10 years have passed since I left high school, and there I was ready to take on the future loving every mile that got me away from the town of not enough. I had dreams and aspirations of becoming more but then I had experiences, loved and let go, went to 3 colleges and figured out who I was and how I fit into the plan laid out for me. College was the greatest experience for me, like some this time is where we find who we are, learn to stand firm in our beliefs and test the boundaries we were given. Now high school, it was the right of passage, everyone has to go thru it and we make the most of it, there are a few things that stand out that made it worth the while, teachers that made an impact and coaches that made each day better. Do I go back? My close girlfriends I still see, do I join them or just let it be?

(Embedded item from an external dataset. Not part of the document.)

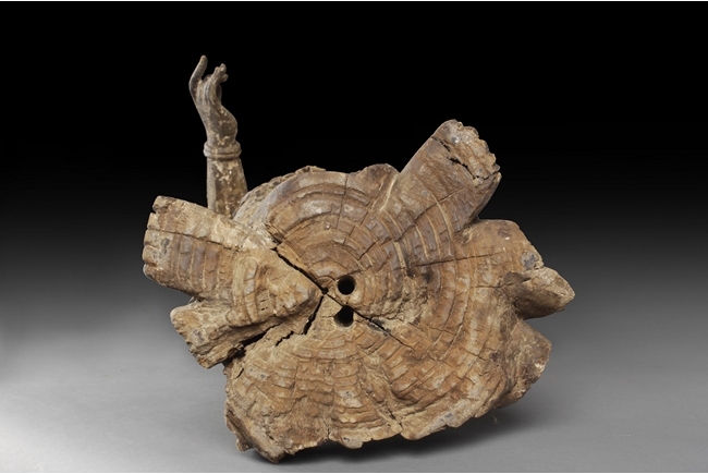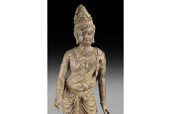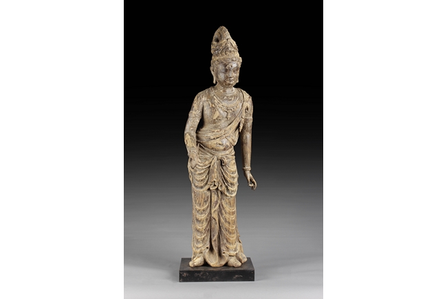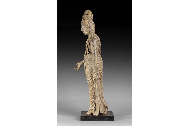 The figure depicts Guanyin standing slightly slanted with bare feet, left hand on the side, right hand slightly extended, wearing loose drapes hanging from left shoulder and a crown. Age related damage. Song Dynasty period.

A lot has happend since I walked across the stage and out the doors. I don't want to regret this one time opportunity but also know how much I have grown up and see how little others have.

Sunday, June 10, 2012

On a search

We are just over a month away from our first wedding anniversary, and as fast as this last year has gone it cannot be summed up very easily. We faced adventure, long drives, flights, shopping trips, a tough start to a new year, and lots of laughs. Now I think of myself as a decent gift giver and with our first anniversary I have to come up with something memorable. I put this stress on myself because Darren is so hard to shop for, he is the man that buys what he wants and needs, does not give many hints making it that much harder. Trying to use some parts of the classic anniversary gifts, keeping my ears open to what Darren might say. I think I have a few ideas but want to make sure my streak of great ideas does not hit the fan on this special occassion. I looked up some ideas from other people online, mixed with some of his hobbies and hopefully I can come up with something great. I will let you know how it goes.